Surviving the bear market


The crypto market appears to have entered a bear market with many difficulties plaguing markets throughout the world, such as the Russia-Ukraine crisis and inflation. Whether this is truly a bear market is still up for debate among crypto gurus, but one thing is certain: the market has dropped about 50% from its previous high.
The age-old dilemma of how to play a market downturn is whether to hang tight, load up, or escape in panic. Here are a few things that have lasted the test of time and can be relied upon.
Take Advantage of Dollar-Cost Averaging
Dollar-cost averaging is an investing technique in which crypto investors put a fixed amount into a single asset (for example, BTC or ETH) at regular intervals, regardless of whether the crypto market is rising or falling. This is one of the best methods to use during the crypto bear market.

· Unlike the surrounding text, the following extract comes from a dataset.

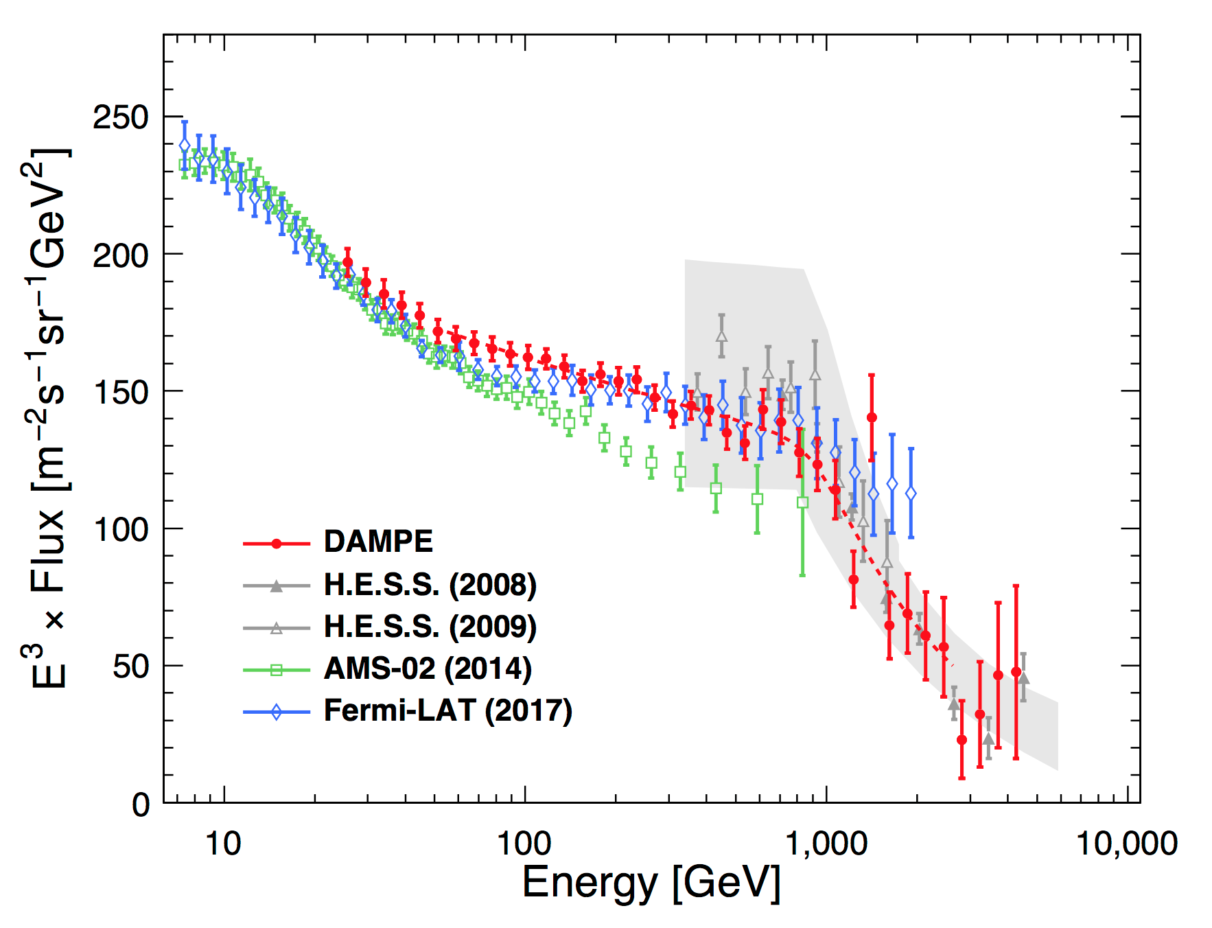 Dacă se întocmeşte un grafic (imaginea de mai sus) cu numărul de electroni care loveşte satelitul raportat la energia lor, cantitatea descreşte pe măsură ce energia creşte. Dar începând din jurul valorii de 0,9 tera-electronvolţi (TeV) ai electronilor, valoare care este de două milioane de ori mai mare decât energia electronilor obişnuiţi, DAMPE a observat o scădere bruscă misterioasă. Schimbarea poate fi rezultatul unui pulsar în apropiere sau chiar a materiei întunecate.

Conduct Your Own Research.
While it is good to listen to professionals and gurus in the crypto world and formulate opinions, nothing beats completing independent research. Look at their historical charts before trading crypto pairs, and thoroughly research the fundamentals before purchasing and holding any other crypto.
Have a long-term and clear perspective.
Draw attention to the fact that someone wins and someone loses with crypto. As you may be aware, crypto is quite volatile. Cryptocurrency has long been seen as a digital goldmine, but it, like any asset, has its ups and downs. Instead, try looking at the crypto market from a long-term perspective.
While the bear market will not persist forever, it will provide a chance to purchase blue chip coins at a reduced price. It reaches a tipping point, and the bull market continues, rewarding those who weathered the storm.